Items from a data source:
☆ ☆ ☆
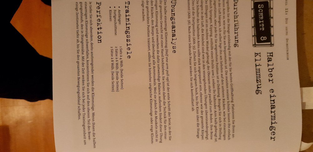 Man sieht ein Utube Video mit einer hammerharten Übung an und probiert erstmal, ob man das überhaupt kann. Dann macht man 8 Wiederholungen und denkt sich: ok, nicht schlecht, guter Pump, top Schwierigkeit. Dann macht man noch 2 Sätze á 8 WH und stellt dann fest, dass das Aufwärmen gleichzeitig auch der erste Satz war. Öh, ja gut.
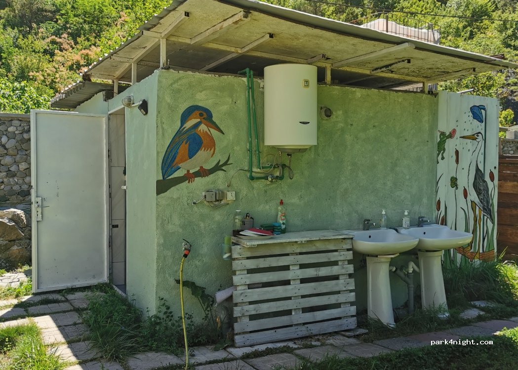 Petit camp derrière la maison des propriétaires. En raison des grandes haies et des arbres, l'endroit est très ombragé. Il y a un blocs sanitaires, chacune avec toilettes pour les hommes et les femmes, un intérieur et deux douches extérieures. Pour 2 personnes dans la tente du toit, nous avons payé 15 euros pour la nuit. Après Virpazar, seulement 500m à pied
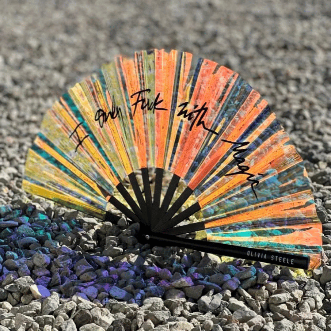 The famous I ONLY FUCK WITH MAGIC fan is now available in our favorite color : DICHROIC !
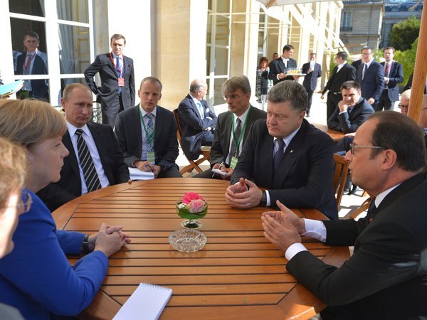 По словам Пескова, в ходе встречи «четверки» достигнута договоренность о времени начала отвода легких вооружений сторонами конфликта на Украине: отвод вооружений калибром менее 100 мм начнется 3 октября в полночь.
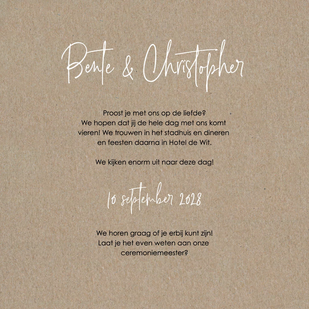 Een minimalistische trouwkaart met trouwlogo en initialen in zwartwit. Deze kaart wordt op écht kraftpapier gedrukt en dat maakt het meteen tot een originele uitnodiging. De zwartwitte opdruk past mooi bij het stoere kraftpapier. Voorop komen jullie initialen en trouwdatum te staan, aan de binnenzijde van dit vierkante ontwerp kun je alle informatie over de bruiloft kwijt. Pas dit ontwerp zelf aan in onze editor.
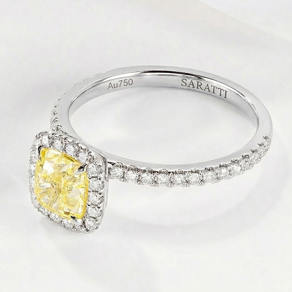 This ring is a celebration of radiance — a 1.25 carat cushion-cut yellow diamond, chosen for its warm, sunlit glow and the way its pillowed silhouette softens every edge. It is a stone that doesn’t simply sparkle — it glows, as if lit from within.
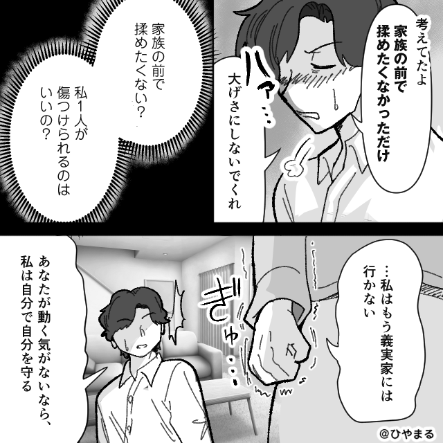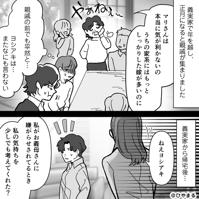 ましてや、嫁の自分にだけ厳しく当たられたり、親戚の前で恥をかかされたりしたら、すぐにでも帰りたくなるもの。 しかも夫は、嫌がらせを受ける嫁を見て見ぬふり――。
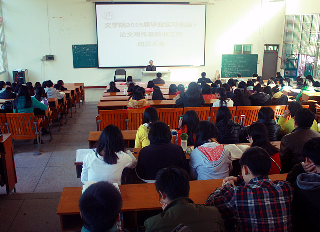 1月15日下午,yl6809永利集团在田师大楼100召开2015届毕业实习总结、论文写作暨就业工作动员大会。会议由该院院长曾令存主持,副院长沈露儒、陈红旗及相关师生近300人参加了大会。
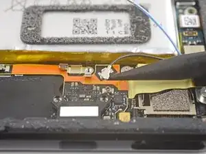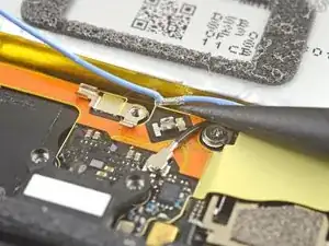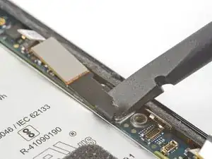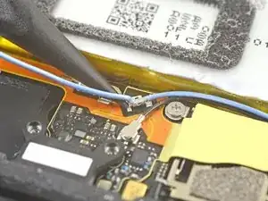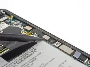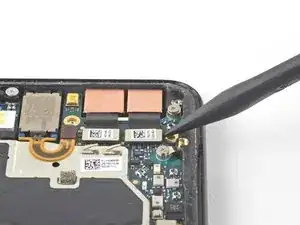 Используйте острый конец лопатки, чтобы приподнять и отключить чёрный антенный кабель от его разъёма рядом с портом USB-C.
☆ ☆ ☆
| About this task |
Apart from the images, every line above needs to be printed again exactly.

| Exercise output |
 Man sieht ein Utube Video mit einer hammerharten Übung an und probiert erstmal, ob man das überhaupt kann. Dann macht man 8 Wiederholungen und denkt sich: ok, nicht schlecht, guter Pump, top Schwierigkeit. Dann macht man noch 2 Sätze á 8 WH und stellt dann fest, dass das Aufwärmen gleichzeitig auch der erste Satz war. Öh, ja gut.
 Petit camp derrière la maison des propriétaires. En raison des grandes haies et des arbres, l'endroit est très ombragé. Il y a un blocs sanitaires, chacune avec toilettes pour les hommes et les femmes, un intérieur et deux douches extérieures. Pour 2 personnes dans la tente du toit, nous avons payé 15 euros pour la nuit. Après Virpazar, seulement 500m à pied
 The famous I ONLY FUCK WITH MAGIC fan is now available in our favorite color : DICHROIC !
 По словам Пескова, в ходе встречи «четверки» достигнута договоренность о времени начала отвода легких вооружений сторонами конфликта на Украине: отвод вооружений калибром менее 100 мм начнется 3 октября в полночь.
 Een minimalistische trouwkaart met trouwlogo en initialen in zwartwit. Deze kaart wordt op écht kraftpapier gedrukt en dat maakt het meteen tot een originele uitnodiging. De zwartwitte opdruk past mooi bij het stoere kraftpapier. Voorop komen jullie initialen en trouwdatum te staan, aan de binnenzijde van dit vierkante ontwerp kun je alle informatie over de bruiloft kwijt. Pas dit ontwerp zelf aan in onze editor.
 This ring is a celebration of radiance — a 1.25 carat cushion-cut yellow diamond, chosen for its warm, sunlit glow and the way its pillowed silhouette softens every edge. It is a stone that doesn’t simply sparkle — it glows, as if lit from within.
 ましてや、嫁の自分にだけ厳しく当たられたり、親戚の前で恥をかかされたりしたら、すぐにでも帰りたくなるもの。 しかも夫は、嫌がらせを受ける嫁を見て見ぬふり――。
 1月15日下午,yl6809永利集团在田师大楼100召开2015届毕业实习总结、论文写作暨就业工作动员大会。会议由该院院长曾令存主持,副院长沈露儒、陈红旗及相关师生近300人参加了大会。
 Используйте острый конец лопатки, чтобы приподнять и отключить чёрный антенный кабель от его разъёма рядом с портом USB-C.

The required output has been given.